Network coordination changed as well. In anxious mice, the normal patterns of coordination between brain regions were disrupted, indicating that anxiety involves not just elevated local activity but a breakdown in the brain’s typical communication and integration.
Bearer summarizes: “Anxiety is not just a prolonged acute fear response. It is characterized by increased activity across many specific regions and a loss of the brain’s normal coordination. These findings define a brain-wide signature of anxiety.”

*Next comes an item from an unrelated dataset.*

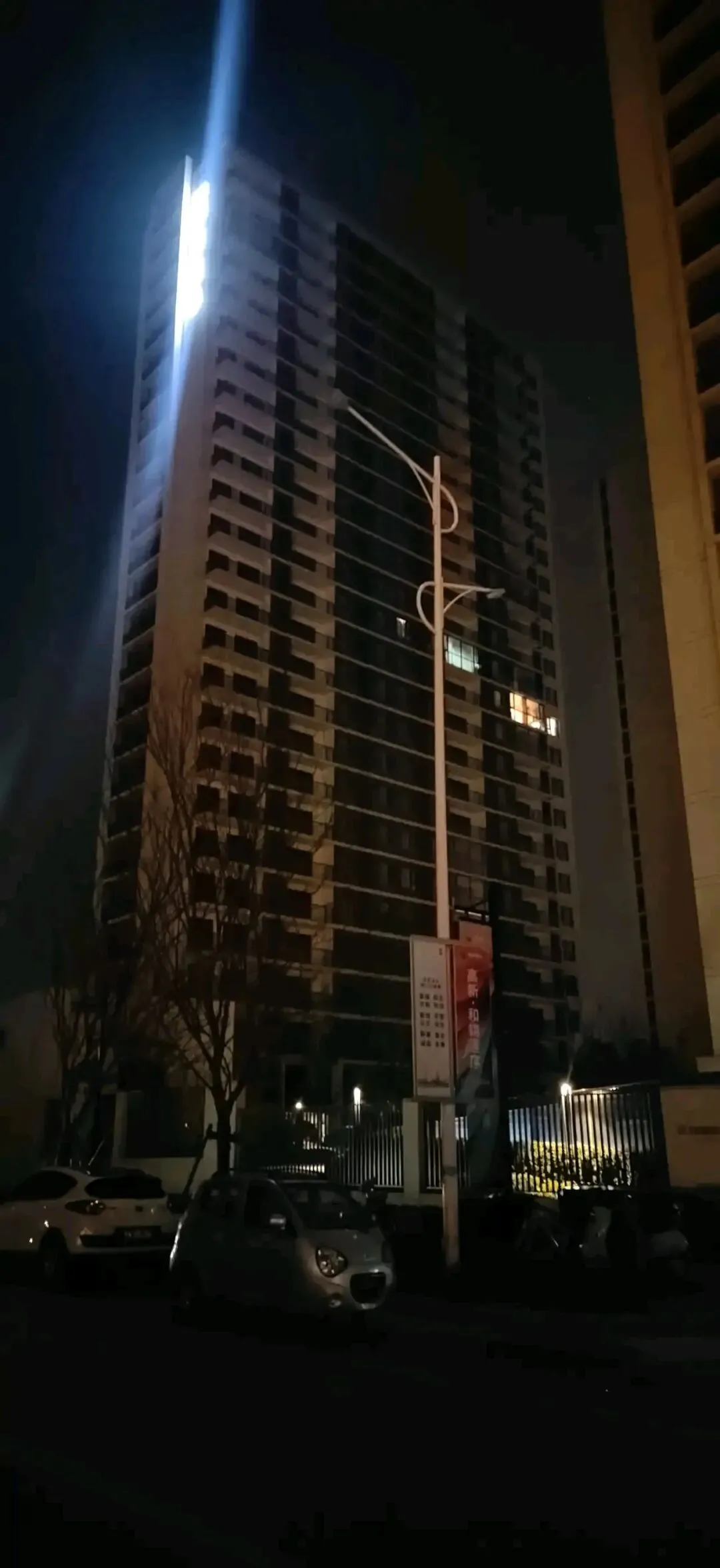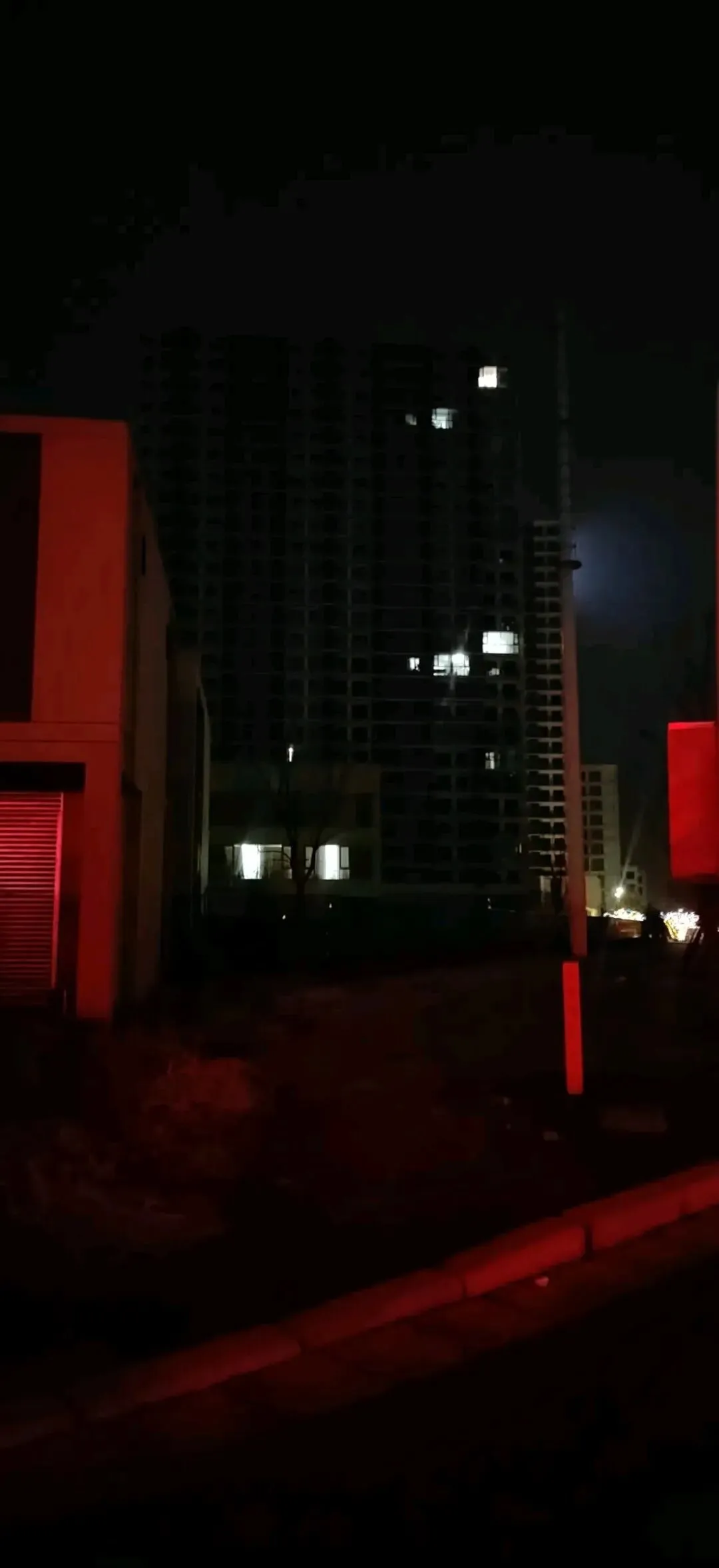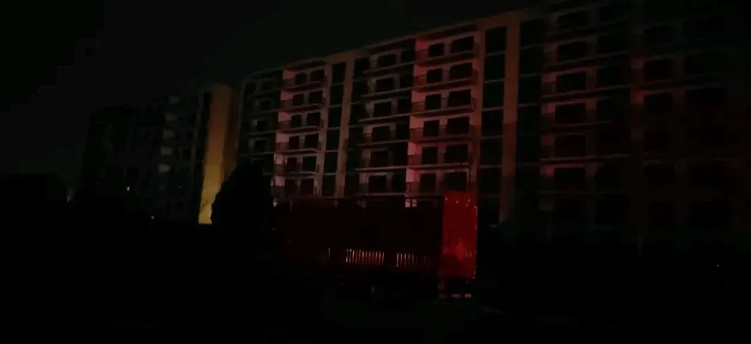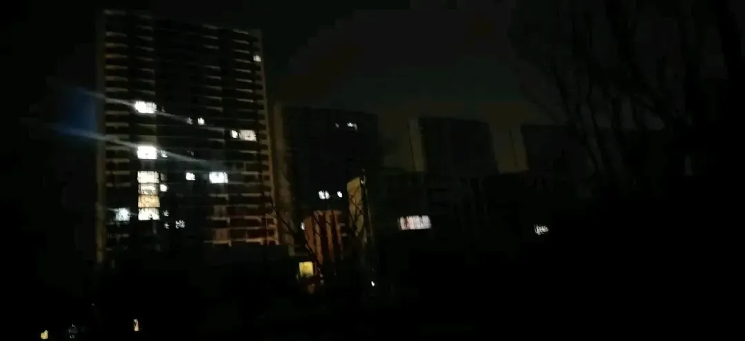 照片拍摄于晚上九点半左右,这个时间应该都下班了,还没有到睡觉的时间。有两栋高层有几户亮灯,其他的高层楼和多层楼几乎没有亮灯的。

Clinical implications are immediate. The delayed emergence of either resilient recovery or persistent anxiety suggests that early interventions after traumatic or frightening events may prevent the transition to chronic anxiety or post-traumatic stress. Because the serotonin transporter was central to vulnerability in this model, pharmacologic strategies that target serotonergic systems may reduce the risk of long-term anxiety. Equally, nonpharmacologic approaches — meditation, music, poetry, exercise and other stress-reducing activities that engage reward and regulatory circuits — are likely to support recovery.
About this research:
Source: University of New Mexico
Media Contact: Mark Rudi, University of New Mexico
Image: Public domain
Original research: Open access. “Evolution of brain-wide activity in the awake behaving mouse after acute fear by longitudinal manganese-enhanced MRI” by Elaine L. Bearer et al., published in NeuroImage.
Abstract
Evolution of brain-wide activity in the awake behaving mouse after acute fear by longitudinal manganese-enhanced MRI
A single, life-threatening fear can produce long-lasting anxiety in a subset of vulnerable individuals, but how whole-brain activity changes from acute fear to persistent anxiety is not well understood. Using predator stress to provoke fear and comparing wild-type mice with serotonin transporter knockout (SERT-KO) mice, researchers tracked behavior and brain activity over time. Both genotypes showed immediate defensive behavior after the stressor, but SERT-KO mice retained defensive behavior for 23 days while wild-type animals returned to baseline by nine days. Manganese-enhanced MRI (MEMRI) was used longitudinally to map activity in awake, behaving animals. Results showed widespread Mn2+ accumulation immediately after fear in both genotypes, which evolved into distinct activity patterns by day nine. SERT-KO mice exhibited activity in more brain regions and larger active volumes within regions than wild-type mice. Computational segmentation using an in vivo atlas identified dynamic changes across 45 of 87 regions, with the striatum and ventral pallidum notably more active in anxious mice. Additional markers of neural activation confirmed MEMRI findings. Together, these results reveal how a single acute fear exposure produces brain-wide changes that evolve differently in vulnerable individuals and demonstrate the value of longitudinal MEMRI for studying the progression from fear to anxiety.